Kaduna State governor, Nasir El-Rufai, has said in order to combat the corruption in the oil sector, the country needs to disband the Nigerian National Petroleum Corporation, NNPC, and replace it with a national oil company that would be “capitalized once and for all, and then freed to fend for itself like other national oil companies do.”
The governor also advocated the privatization of the nation’s refineries, contending that it was the most realistic option open to the country.
El Rufai spoke on Monday at the 2015 Wole Soyinka Centre Media Lecture Series, themed “Nigeria and the Oil Fortune” at the Sheraton Hotel, Abuja, where he was the guest speaker.
The governor alleged that the NNPC had become a “parallel government” that had “remitted about 58% of the monies earned between 2012 and the first half of 2015,” adding that “a company with the audacity to retain 42% of a country’s money has become a veritable parallel republic!”
Invariably, the former Federal Capital Territory, FCT, minister observed, the oil giant consumes “more resources than the 36 states, the FCT and the Federal Government combined.”

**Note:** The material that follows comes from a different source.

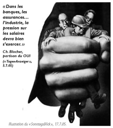 Le grand entrepreneur et conseiller fédéral Christoph Blocher, qui milite en faveur du OUI, déclare: « Dans certaines branches, comme dans le secteur des banques et des assurances, de l’ingénierie ou dans l’industrie, la pression sur les salaires devra bien s’exercer ». (Tages-Anzeiger, 5.7.05)

“We should replace the NNPC with brand new organizations that are fit for purpose: – among others – a commercialized and corporatized national oil company and new industry regulators,” he stated.
“This country can no longer afford to maintain an NNPC that arrogantly, unlawfully and unconstitutionally spends an unhealthy proportion of national oil earnings on itself,” he added.
On the nation’s refineries, el Rufai went down memory lane and recollected that the Olusegun Obasanjo administration had sold two of them before leaving office, an action that was reversed by the Umaru Yar A’dua government.
“Eight years and millions of dollars in turn-around maintenance later, the refineries are at best a minor component of our supply sources for refined products while remaining a suction pump of our resources,” he observed.
To get out of the devious cycle of maintaining refineries that do not serve the nation’s purpose, the governor advised the government to “incentivize competent investors to acquire majority shares and management control in all our refineries and sell to them crude oil at market prices.”
El Rufai lamented that although Nigeria is an oil rich country, the larger percentage of the population does not enjoy the benefits from the oil wealth.
He observed that the country makes enormous fortunes from its oil assets but contended that the problem was the management of the resources.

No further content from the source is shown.